Many single and groups of congenital anomalies that occur sporadically are believed to result from vascular disturbances in the embryo or fetus. The best developed of the vascular causation hypotheses is the subclavian artery disruption sequence, which seeks to explain Klippel-Feil syndrome, Poland anomaly, Möbius syndrome, absence of the pectoralis major, terminal transverse limb deficiencies, and Sprengel deformity. A disruption occurs when a normal embryo suffers a destructive process with cascading consequences. Since all the tissues affected in these various disorders receive their major blood supply from the subclavian artery, it is hypothesized that a defect of arterial formation or an injury to existing arteries causes these defects. The location and extent of tissue abnormality is determined by the extent, location, and timing of the interruption of normal blood supply. The observation underlying this hypothesis is that the disorders listed above often occur together in various combinations.

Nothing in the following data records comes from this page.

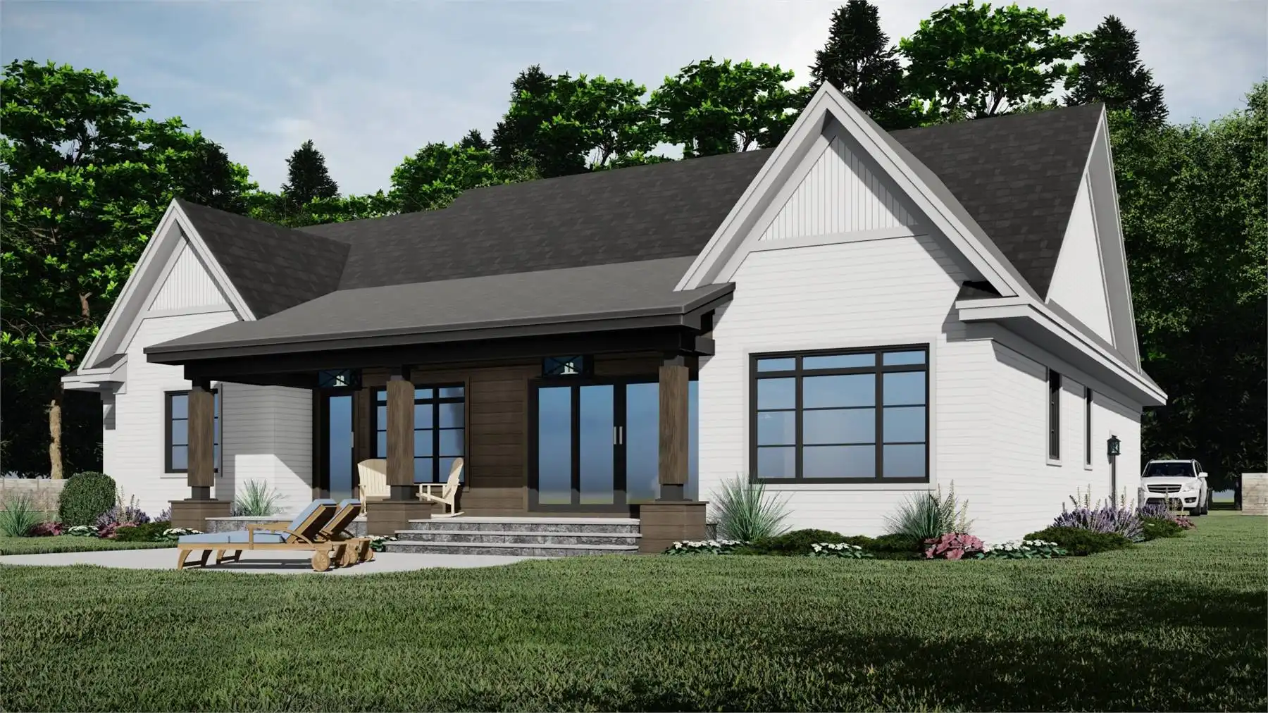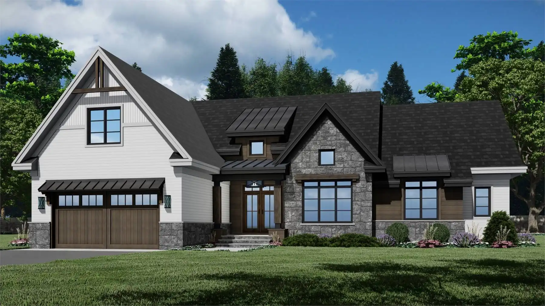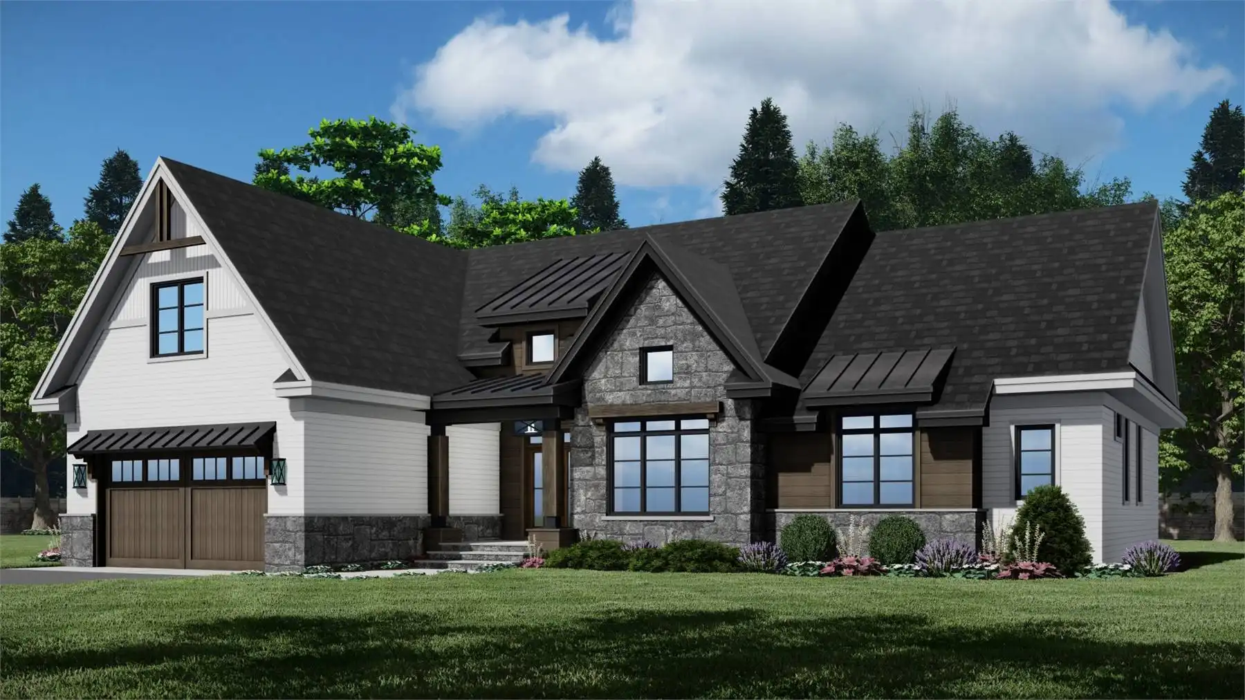 House Plan 10575 delivers effortless elegance and everyday functionality in a 2,277 square foot transitional farmhouse design. This one-story layout features an open-concept great room with a cozy fireplace, a spacious kitchen with a 5-seat island and walk-in pantry, and a formal dining area that makes entertaining a breeze. The private primary suite is a true retreat with a sitting area, access to the rear porch, a luxurious ensuite bath, and a large walk-in closet. Two additional bedrooms share a Jack and Jill bath, ideal for families or visiting guests. A front-facing home office, mudroom, and first-floor laundry add convenience, while the covered front and rear porches create beautiful outdoor living spaces. With a 2-car front-load garage and flexible bonus room, this home combines charm, comfort, and smart design.
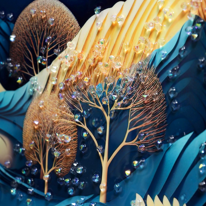 - Качество материалов: Использованы стойкие акриловые краски. Они сохраняют цвет, не выгорают со временем. Плотный художественный холст обеспечивает четкую передачу текстуры мазков.
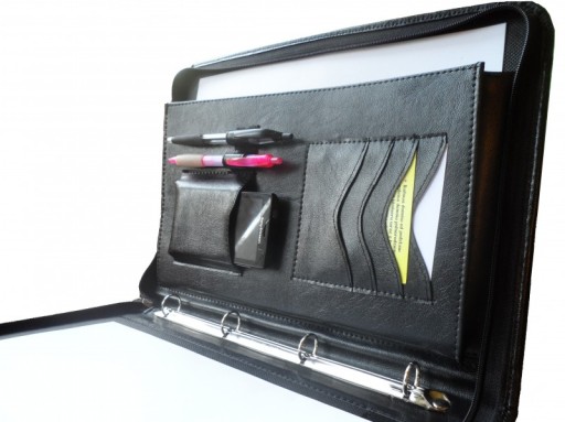 Aktówka posiada kieszonkę na kalkulator lub telefon, oraz piórnik na 2 długopisy i wizytownik.
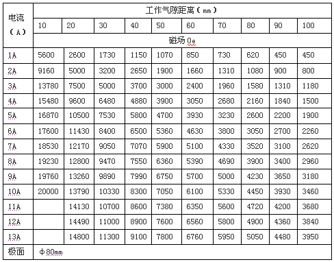 2.3 磁場(chǎng)強(qiáng)度: H≥0.5T,工作氣隙80mm時(shí)
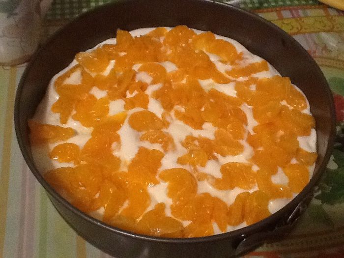 На дно разъемной формы выкладываем первую половинку коржа. Сверху выливаем 1/2 крема и распределяем мандарины. Далее заливаем оставшийся крем и накрываем второй половинкой коржа.

Possible mechanisms resulting in arterial ischemia include vessel occlusion from edema, thrombus, or embolus; extrinsic vessel compression due to surrounding tissue edema, hemorrhage, cervical ribs, aberrant muscles, amniotic bands, or uterine compression; abnormal embryologic events, including delayed or abnormal vessel formation and disruption of newly formed vessels; and environmental factors such as infection, hyperthermia, hypoxia, vasculitis, or drug effects. It is possible that some fetuses suffer ischemia due to normal embryologic events that are idiosyncratically not well tolerated, such as the rapid descent of the heart and great vessels.

The vascular accident hypothesis is attractive in explaining combinations of congenital anomalies and their, usually, sporadic occurrence. However, there are often combinations of anomalies that are difficult to relate to a single vascular event and the question of whether the anomalies resulted in, rather than being caused by, vascular abnormalities is not easily resolved.

Amniotic bands or constriction rings cause a large portion of nonhereditary congenital limb anomalies. Constriction rings are diagnosed by the occurrence of soft-tissue depression encircling a limb or injured from amputations or disruptions. Constriction rings are commonly multiple and may be broad or narrow. The depth of the ring determines whether the limb distal to the ring is normal, hypoplastic, engorged (from venous or lymphatic obstruction), or amputated (from vascular insufficiency). Syndactyly, clubfoot, and clubhand have also been associated with constriction rings.

The origin of constriction rings is uncertain. The mechanisms by which amniotic strands might form are disputed (64, 65, 66 and 67). One hypothesis holds that amnion adheres to areas of preoccurring hemorrhage and by itself is not pathogenic (68). Nonetheless, the syndrome is common, affecting 1 in 5000 to 15,000 births. Recurrence risks of this syndrome are low (50).